• WHAT YOU ARE ASKED TO DO: With the pictures left aside, write out exactly the lines of the listing below from the line with "Cui Lei, deputy" to the line with "Il se clip et", both included, and only those.

• SUPPLIED MATERIAL:
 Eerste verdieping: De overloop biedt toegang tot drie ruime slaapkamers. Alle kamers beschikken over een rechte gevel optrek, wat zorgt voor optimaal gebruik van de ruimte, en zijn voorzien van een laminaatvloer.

...

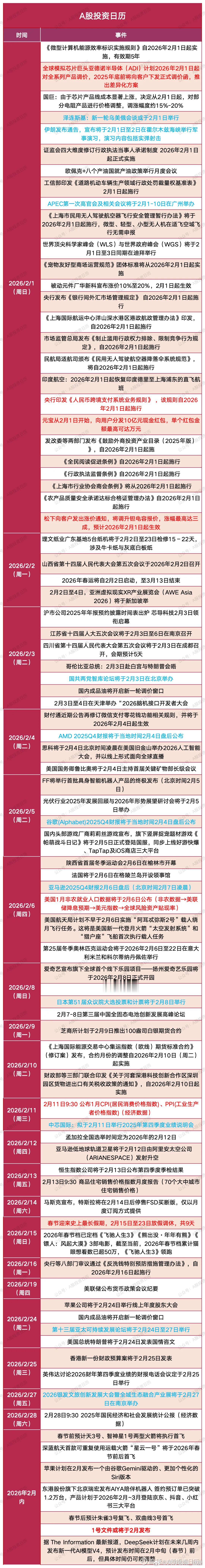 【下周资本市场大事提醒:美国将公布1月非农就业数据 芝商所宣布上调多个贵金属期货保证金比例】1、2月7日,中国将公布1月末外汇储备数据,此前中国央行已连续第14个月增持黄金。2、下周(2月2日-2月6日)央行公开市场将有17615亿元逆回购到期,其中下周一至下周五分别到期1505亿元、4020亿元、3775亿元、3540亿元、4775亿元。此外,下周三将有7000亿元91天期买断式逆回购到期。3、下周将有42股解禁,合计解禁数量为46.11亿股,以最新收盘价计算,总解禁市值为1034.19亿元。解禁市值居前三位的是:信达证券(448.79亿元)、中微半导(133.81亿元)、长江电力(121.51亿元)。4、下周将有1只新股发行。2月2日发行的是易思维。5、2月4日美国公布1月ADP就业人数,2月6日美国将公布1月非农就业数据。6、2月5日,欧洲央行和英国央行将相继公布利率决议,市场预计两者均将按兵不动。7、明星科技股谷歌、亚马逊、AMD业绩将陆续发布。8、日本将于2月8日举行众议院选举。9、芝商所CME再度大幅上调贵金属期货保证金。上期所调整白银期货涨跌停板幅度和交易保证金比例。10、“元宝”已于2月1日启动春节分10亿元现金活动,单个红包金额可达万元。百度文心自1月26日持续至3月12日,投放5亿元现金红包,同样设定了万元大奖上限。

* * *

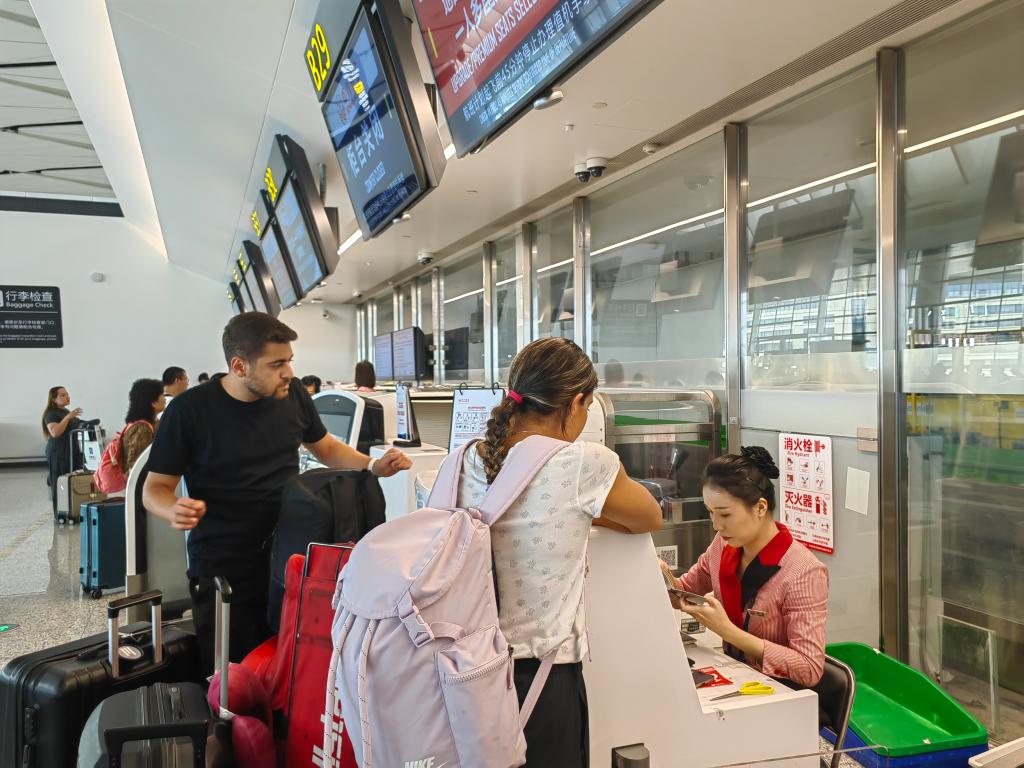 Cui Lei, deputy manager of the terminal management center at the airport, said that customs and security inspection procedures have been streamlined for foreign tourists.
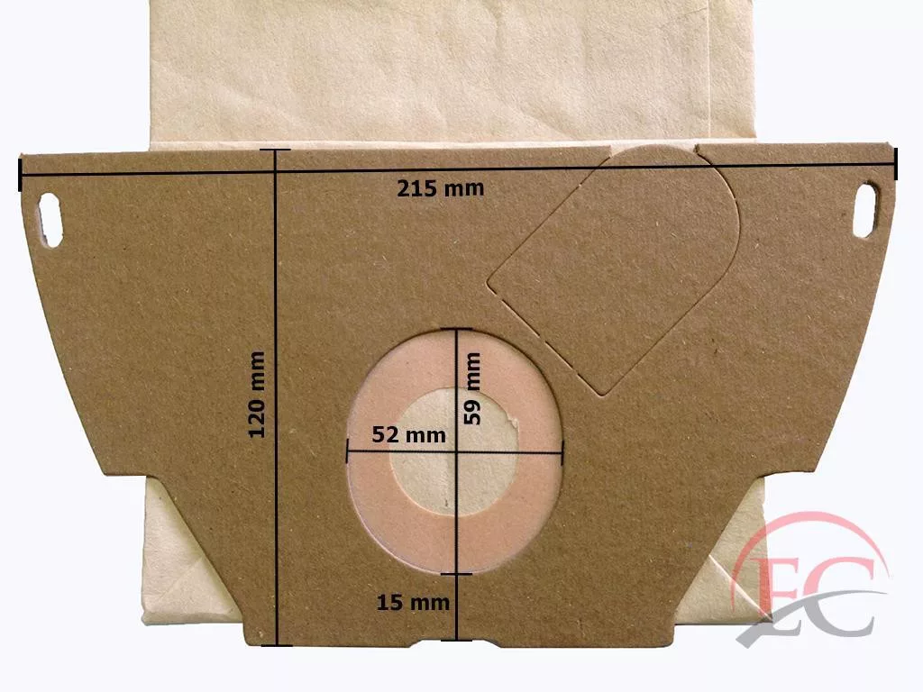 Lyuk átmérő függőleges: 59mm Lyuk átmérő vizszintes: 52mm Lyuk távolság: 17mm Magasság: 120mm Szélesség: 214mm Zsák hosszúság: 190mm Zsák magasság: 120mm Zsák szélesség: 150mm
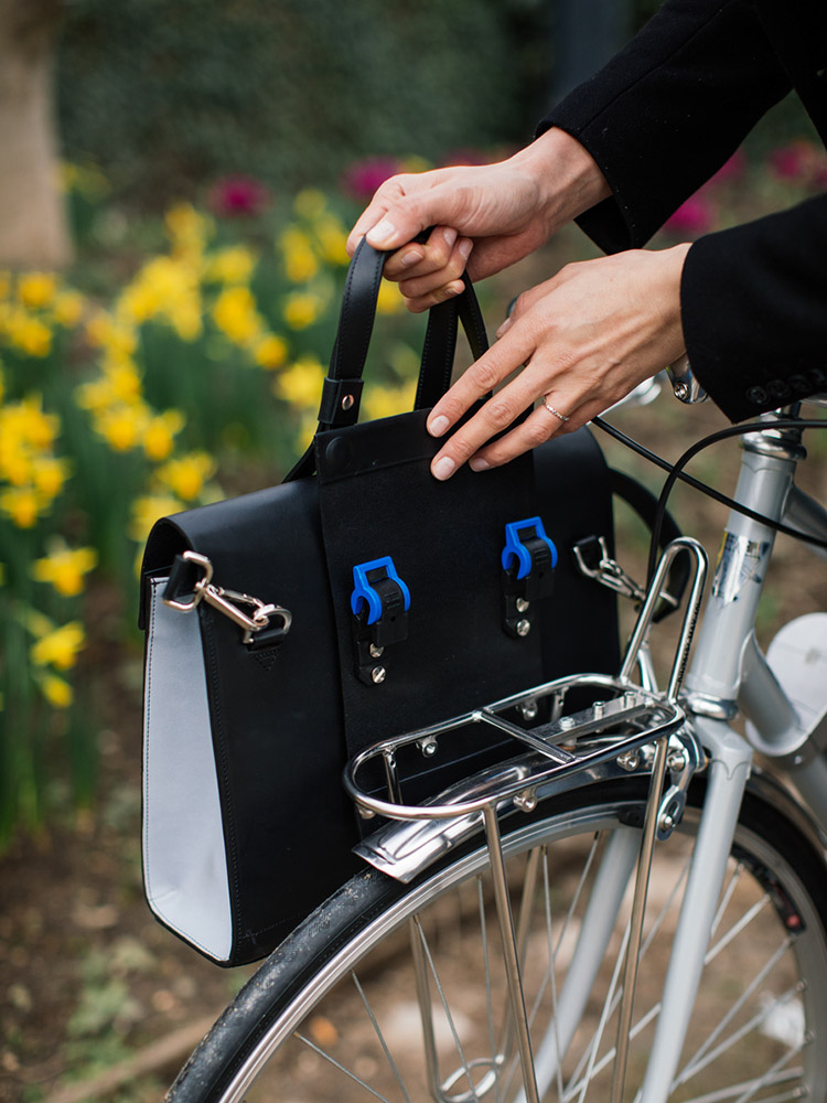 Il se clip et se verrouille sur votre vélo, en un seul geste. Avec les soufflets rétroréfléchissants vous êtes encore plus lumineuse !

• WRITTEN ANSWER:
 Cui Lei, deputy manager of the terminal management center at the airport, said that customs and security inspection procedures have been streamlined for foreign tourists.
 Lyuk átmérő függőleges: 59mm Lyuk átmérő vizszintes: 52mm Lyuk távolság: 17mm Magasság: 120mm Szélesség: 214mm Zsák hosszúság: 190mm Zsák magasság: 120mm Zsák szélesség: 150mm
 Il se clip et se verrouille sur votre vélo, en un seul geste. Avec les soufflets rétroréfléchissants vous êtes encore plus lumineuse !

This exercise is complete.